The reply is a verbatim copy of the listing below with its images dropped.
(Beginning of SUPPLIED DATA)
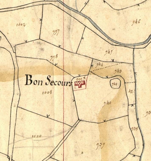 Extrait de la feuille D3 du cadastre ancien de la commune de Le Vieux-Marché, 1835 : chapelle Notre-Dame-de-Bon-SecoursImmatriculation
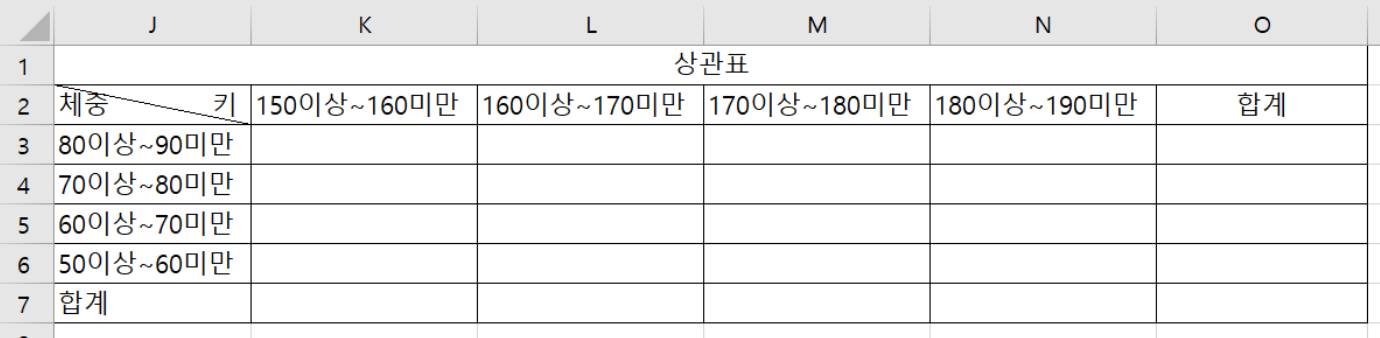 - 상관표는 COUNTIFS로 해결하기는 힘들것으로 보인다. 배열수식의 논리식으로 해결해보자.
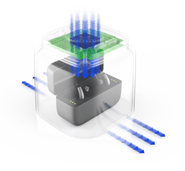 This Dry-cap is suitable for all rechargeable hearing aids, but also for Airpods. The hearing aids are electrically cleaned, disinfected and dried while charging. The Dry-cap can easily be placed over the charger, this dry box has a slightly larger size, so that the larger charging stations also fit underneath.
(End of SUPPLIED DATA)
**YOUR RESPONSE**
 Extrait de la feuille D3 du cadastre ancien de la commune de Le Vieux-Marché, 1835 : chapelle Notre-Dame-de-Bon-SecoursImmatriculation
 - 상관표는 COUNTIFS로 해결하기는 힘들것으로 보인다. 배열수식의 논리식으로 해결해보자.
 This Dry-cap is suitable for all rechargeable hearing aids, but also for Airpods. The hearing aids are electrically cleaned, disinfected and dried while charging. The Dry-cap can easily be placed over the charger, this dry box has a slightly larger size, so that the larger charging stations also fit underneath.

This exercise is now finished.